OpenMP parallelization of the SCIARA Cellular Automata lava flow model: performance analysis on shared-memory computers

Parallel Computing represents a valid solution for reducing execution times in simulations of complex geological processes, such as lava flows, debris flows and, in general, of fluid-dynamic processes. In these cases, Cellular Automata (CA) models have proved to be effective when the behavior of the system to be modeled can be described in terms of local interactions among its constituent parts. Cellular Automata are parallel computing models, discrete in space and time; space is generally subdivided into cells of uniform size and the overall dynamics of the system emerges as the result of the simultaneous application, at discrete time steps, of proper local rules of evolution to each one of them.

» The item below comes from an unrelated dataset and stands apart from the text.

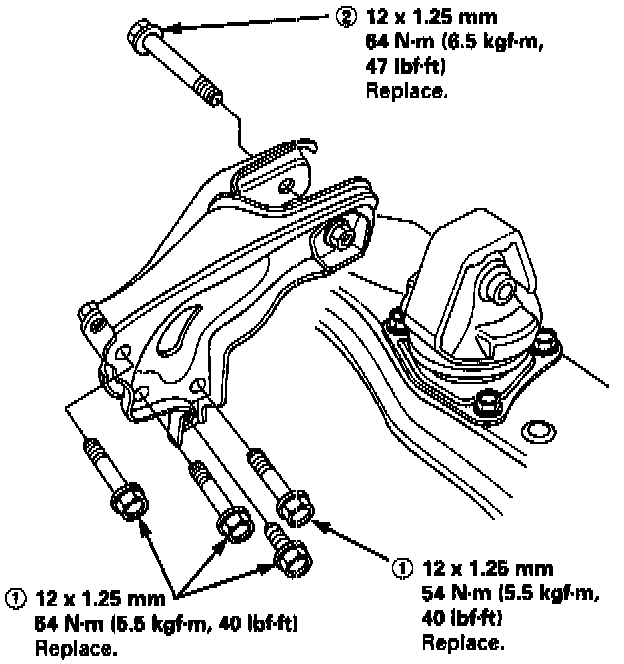 5. Install the rear mount bracket, then tighten the bolts in the numbered sequence as shown ((1) - (2)).
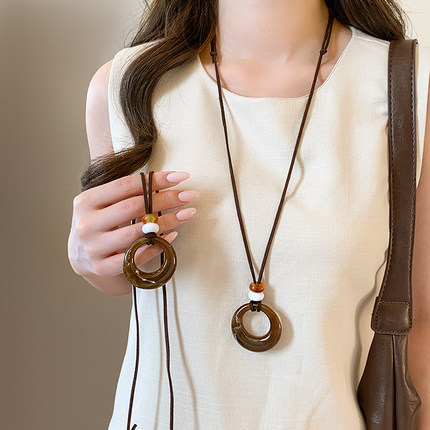 复古长款棕色圆环吊坠项链女毛衣链大气高档高级感秋冬衣服配饰品

Due to their intrinsic parallelism, CA models are attractive since they are suitable to be effectively and naturally implemented on parallel computers achieving also high performance. In the recent past, CA models were efficiently executed on distributed memory architectures, such as Beowulf clusters and many-node Supercomputers, while fewer implementations are found regarding shared-memory computers, such as in multi-core machines. This paper shows performance results of the parallelization of a well-known CA model for simulating lava flows - the SCIARA model - in a shared memory environment, by means of OpenMP, an Application Programming Interface which supports multiplatform shared-memory parallel programming.